Professor Justin Robinson, principal of the University of the West Indies’ Five Islands Campus, said the Trump administration’s formula for calculating the tariffs is based on an uninformed approach to rectifying trade imbalances.
“This tariff strategy conflates trade deficits with trade unfairness—an error long discredited in serious economic circles. Not every trade imbalance is a result of malice or manipulation. Sometimes, US goods are simply too expensive or irrelevant for consumers in developing countries,” Robinson said in a statement he sent to Barbados TODAY.
“As economic historian Adam Tooze rightly points out, ‘this is not serious trade policy or grand strategy . . . it’s a grotesque parody.’ The implications are far-reaching and costly.”
Professor Robinson said that the formula behind the tariffs is simple but deeply flawed. With this formula, the US will calculate tariffs based on each country’s 2024 trade-in-goods deficit with the US, then divide that figure by the country’s total imports to produce a so-called “deficit ratio.” This number is then halved to determine the tariff rate. Under this model, he explained, China faces a 34 per cent tariff, Cambodia 49 per cent, and Lesotho—an already struggling developing nation—a staggering 50 per cent.
“It is a blunt instrument wielded without regard for nuance, trade history, or economic development goals,” Robinson stressed.
These tariffs will likely drive up the cost of consumer goods, since they effectively act as a tax on imports, he said. “Domestic producers, no longer facing foreign competition, will mark up prices as well.
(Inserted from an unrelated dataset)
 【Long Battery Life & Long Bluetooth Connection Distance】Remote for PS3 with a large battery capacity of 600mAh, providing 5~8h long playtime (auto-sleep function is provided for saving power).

Consumers, especially lower-income households, will feel the pinch in every shopping aisle.”
However, Robinson said, he doubts they will produce the effect Trump hopes for, that is, a significant resurgence in US-based manufacturing.
“The idea that a 30–50 per cent tariff will make US-based production viable for low-margin, labour-intensive goods like textiles ignores both economic fundamentals and workforce realities. Factories can’t be magicked into existence. Skilled labour isn’t built overnight. Capital investment won’t flood in unless there’s long-term policy stability. And for some goods— like electricity imports from Canada or aluminium dependent on Quebec’s hydropower—substitution simply isn’t an option.”
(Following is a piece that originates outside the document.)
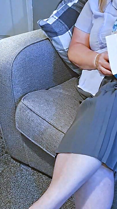 "Mature stepmom is filmed alone at home waiting for company"

Robinson said the tariffs may well lead to the creation of numerous trade vacuums around the world, as countries and businesses rush to do all in their power to protect and grow their economies in the face of the disruptions.
“Countries with lower tariffs, like the Philippines at 17 per cent, will absorb industries fleeing higher-tariff nations like Bangladesh and Vietnam. This creates a race to the bottom for labour standards. Companies will resort to complex workarounds—rerouting goods through third countries like the UK to exploit lower tariffs, manipulating transfer pricing, and setting up shell entities. Like sanctions, tariffs always invite creative evasion, adding bureaucratic and financial costs.
“As the US erects barriers, others will build bridges. A potential China–Japan–Korea economic zone is just one example. Trump’s tariffs could isolate the US from the very networks shaping 21st-century trade,” Robinson said.